[Start of section]
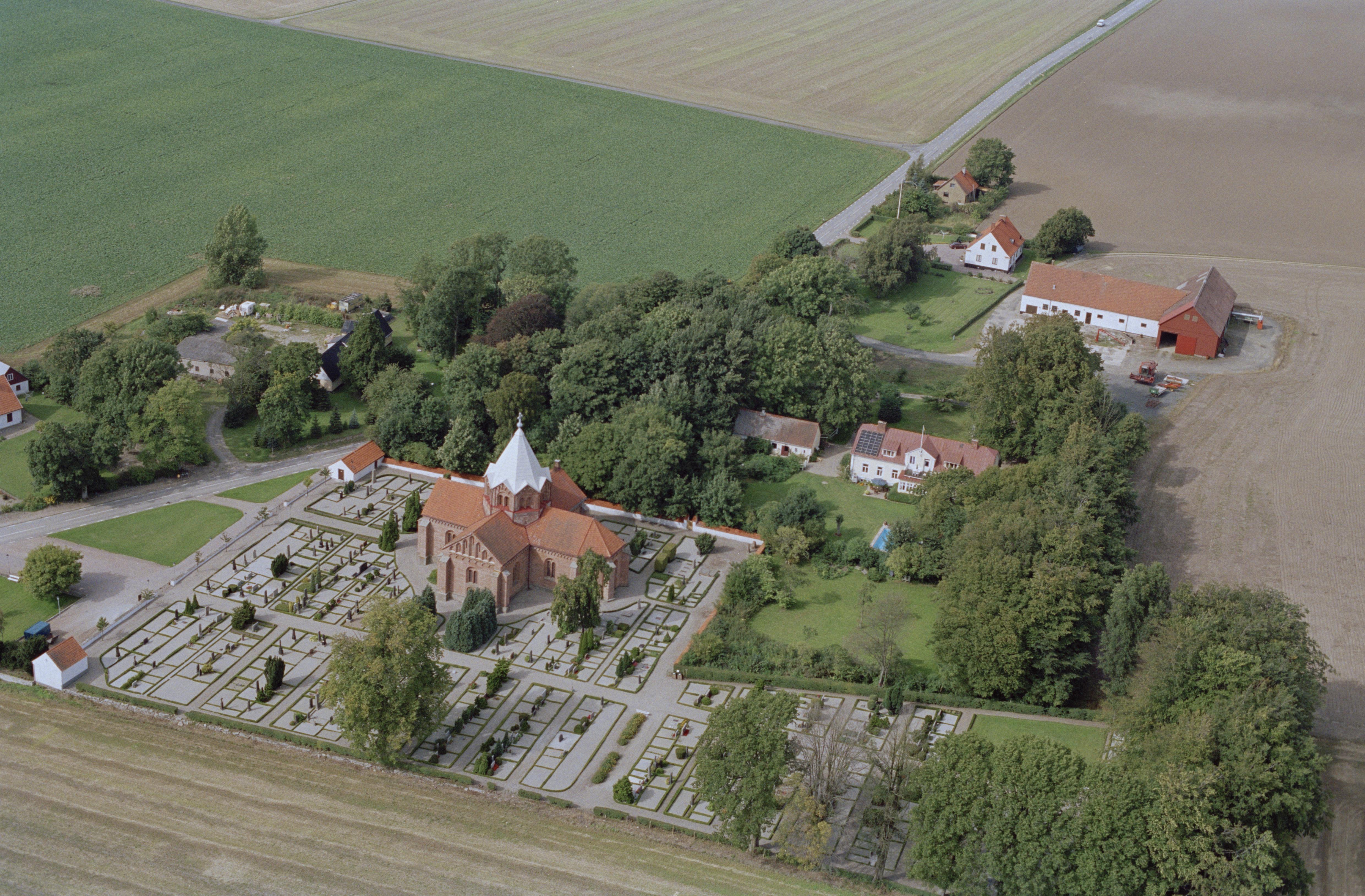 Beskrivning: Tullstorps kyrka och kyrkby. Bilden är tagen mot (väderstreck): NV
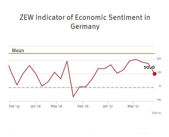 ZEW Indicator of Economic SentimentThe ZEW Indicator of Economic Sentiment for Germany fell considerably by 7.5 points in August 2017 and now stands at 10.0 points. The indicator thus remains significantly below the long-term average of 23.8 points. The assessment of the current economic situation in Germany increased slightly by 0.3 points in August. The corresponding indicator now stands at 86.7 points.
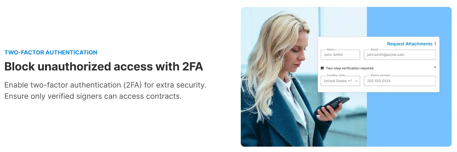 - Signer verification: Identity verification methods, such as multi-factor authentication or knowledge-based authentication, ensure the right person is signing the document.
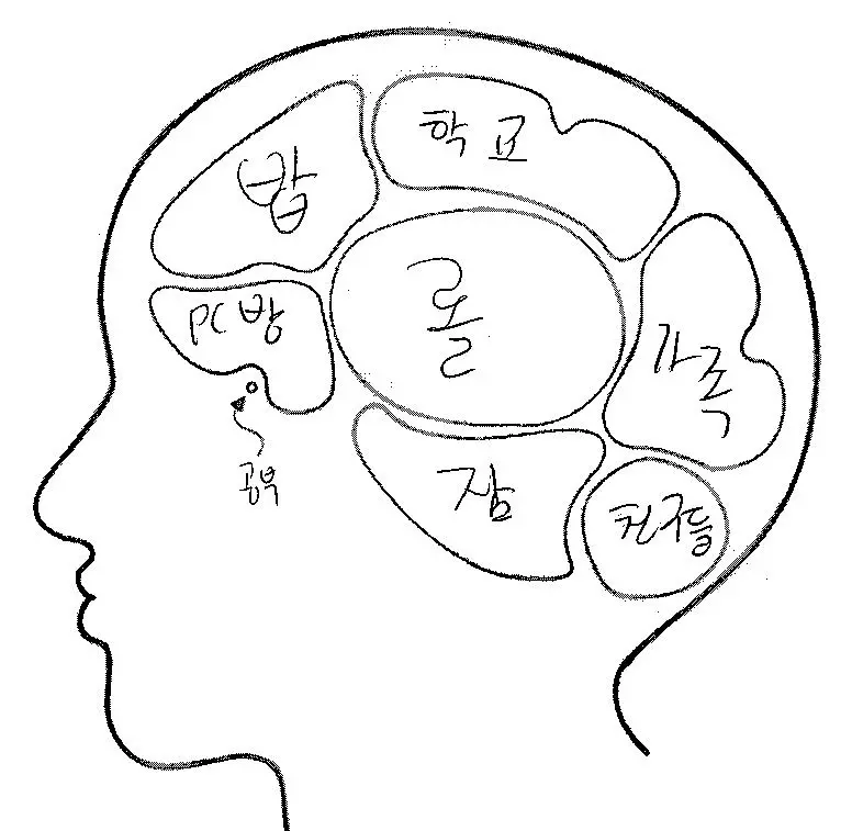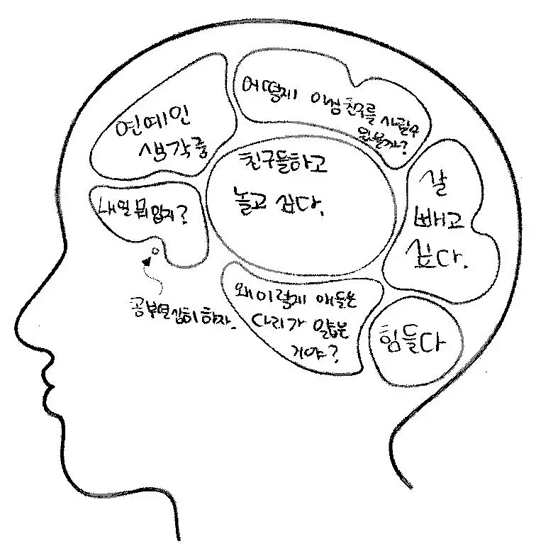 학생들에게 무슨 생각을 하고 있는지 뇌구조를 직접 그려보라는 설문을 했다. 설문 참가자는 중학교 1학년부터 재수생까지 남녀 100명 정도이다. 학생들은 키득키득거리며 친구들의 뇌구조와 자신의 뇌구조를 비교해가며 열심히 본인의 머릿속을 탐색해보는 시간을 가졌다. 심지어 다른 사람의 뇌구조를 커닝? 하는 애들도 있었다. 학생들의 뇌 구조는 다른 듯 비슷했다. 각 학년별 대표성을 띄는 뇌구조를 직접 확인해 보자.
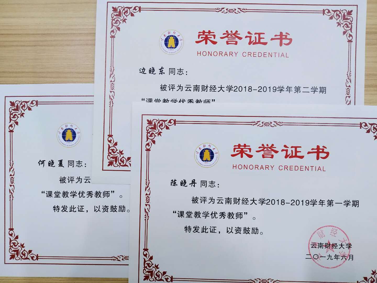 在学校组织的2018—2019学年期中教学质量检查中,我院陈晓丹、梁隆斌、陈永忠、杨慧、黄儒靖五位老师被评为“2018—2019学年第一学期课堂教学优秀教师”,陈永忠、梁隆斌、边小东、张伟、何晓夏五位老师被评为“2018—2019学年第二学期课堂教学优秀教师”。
[End of section]
◆ What is expected
Before copying, set the pictures aside; then reproduce each entry above exactly.

◆ Written reply
 Beskrivning: Tullstorps kyrka och kyrkby. Bilden är tagen mot (väderstreck): NV
 ZEW Indicator of Economic SentimentThe ZEW Indicator of Economic Sentiment for Germany fell considerably by 7.5 points in August 2017 and now stands at 10.0 points. The indicator thus remains significantly below the long-term average of 23.8 points. The assessment of the current economic situation in Germany increased slightly by 0.3 points in August. The corresponding indicator now stands at 86.7 points.
 - Signer verification: Identity verification methods, such as multi-factor authentication or knowledge-based authentication, ensure the right person is signing the document.
 학생들에게 무슨 생각을 하고 있는지 뇌구조를 직접 그려보라는 설문을 했다. 설문 참가자는 중학교 1학년부터 재수생까지 남녀 100명 정도이다. 학생들은 키득키득거리며 친구들의 뇌구조와 자신의 뇌구조를 비교해가며 열심히 본인의 머릿속을 탐색해보는 시간을 가졌다. 심지어 다른 사람의 뇌구조를 커닝? 하는 애들도 있었다. 학생들의 뇌 구조는 다른 듯 비슷했다. 각 학년별 대표성을 띄는 뇌구조를 직접 확인해 보자.
 在学校组织的2018—2019学年期中教学质量检查中,我院陈晓丹、梁隆斌、陈永忠、杨慧、黄儒靖五位老师被评为“2018—2019学年第一学期课堂教学优秀教师”,陈永忠、梁隆斌、边小东、张伟、何晓夏五位老师被评为“2018—2019学年第二学期课堂教学优秀教师”。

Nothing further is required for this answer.